■ Records for this exercise
:::

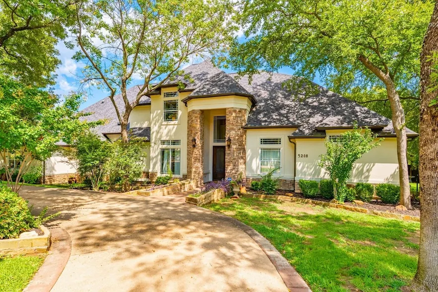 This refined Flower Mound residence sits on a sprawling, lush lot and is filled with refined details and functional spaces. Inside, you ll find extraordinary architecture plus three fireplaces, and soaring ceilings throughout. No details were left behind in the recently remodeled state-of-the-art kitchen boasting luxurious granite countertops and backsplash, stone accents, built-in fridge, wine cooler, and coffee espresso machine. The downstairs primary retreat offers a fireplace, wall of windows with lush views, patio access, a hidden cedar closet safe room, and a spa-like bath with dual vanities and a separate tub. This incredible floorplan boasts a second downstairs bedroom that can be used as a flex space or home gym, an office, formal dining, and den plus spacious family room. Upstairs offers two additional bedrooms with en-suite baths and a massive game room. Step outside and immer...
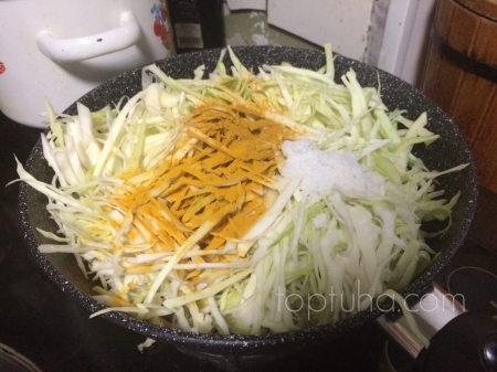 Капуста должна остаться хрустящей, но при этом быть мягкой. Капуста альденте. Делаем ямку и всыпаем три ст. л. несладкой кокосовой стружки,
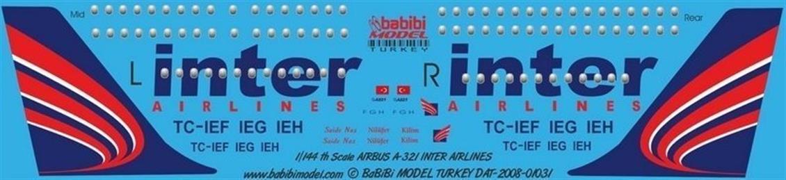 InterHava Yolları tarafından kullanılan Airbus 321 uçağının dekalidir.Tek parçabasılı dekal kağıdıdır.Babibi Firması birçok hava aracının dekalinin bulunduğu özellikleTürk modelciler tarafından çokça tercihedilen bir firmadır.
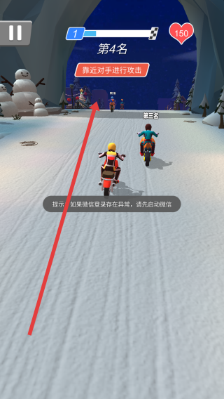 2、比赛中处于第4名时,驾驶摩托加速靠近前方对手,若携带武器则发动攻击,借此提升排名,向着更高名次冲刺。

:::

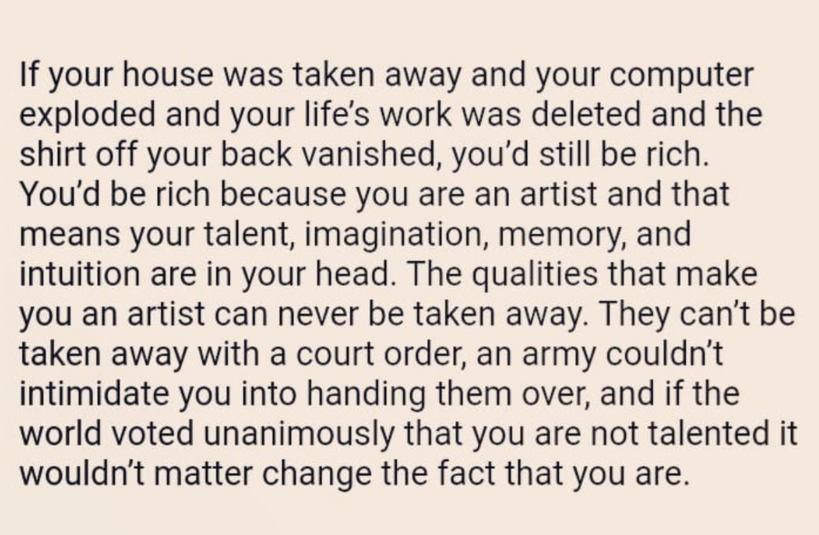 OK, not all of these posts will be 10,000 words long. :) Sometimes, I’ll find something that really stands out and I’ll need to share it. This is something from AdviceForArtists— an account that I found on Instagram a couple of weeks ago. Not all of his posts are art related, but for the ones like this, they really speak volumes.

:::

The lines to copy exactly start with the line above that has "Капуста должна остаться" and go on through the line that has "2、比赛中处于第4名时,驾驶"; please include both, add nothing else, and omit the pictures.

■ Your response
 Капуста должна остаться хрустящей, но при этом быть мягкой. Капуста альденте. Делаем ямку и всыпаем три ст. л. несладкой кокосовой стружки,
 InterHava Yolları tarafından kullanılan Airbus 321 uçağının dekalidir.Tek parçabasılı dekal kağıdıdır.Babibi Firması birçok hava aracının dekalinin bulunduğu özellikleTürk modelciler tarafından çokça tercihedilen bir firmadır.
 2、比赛中处于第4名时,驾驶摩托加速靠近前方对手,若携带武器则发动攻击,借此提升排名,向着更高名次冲刺。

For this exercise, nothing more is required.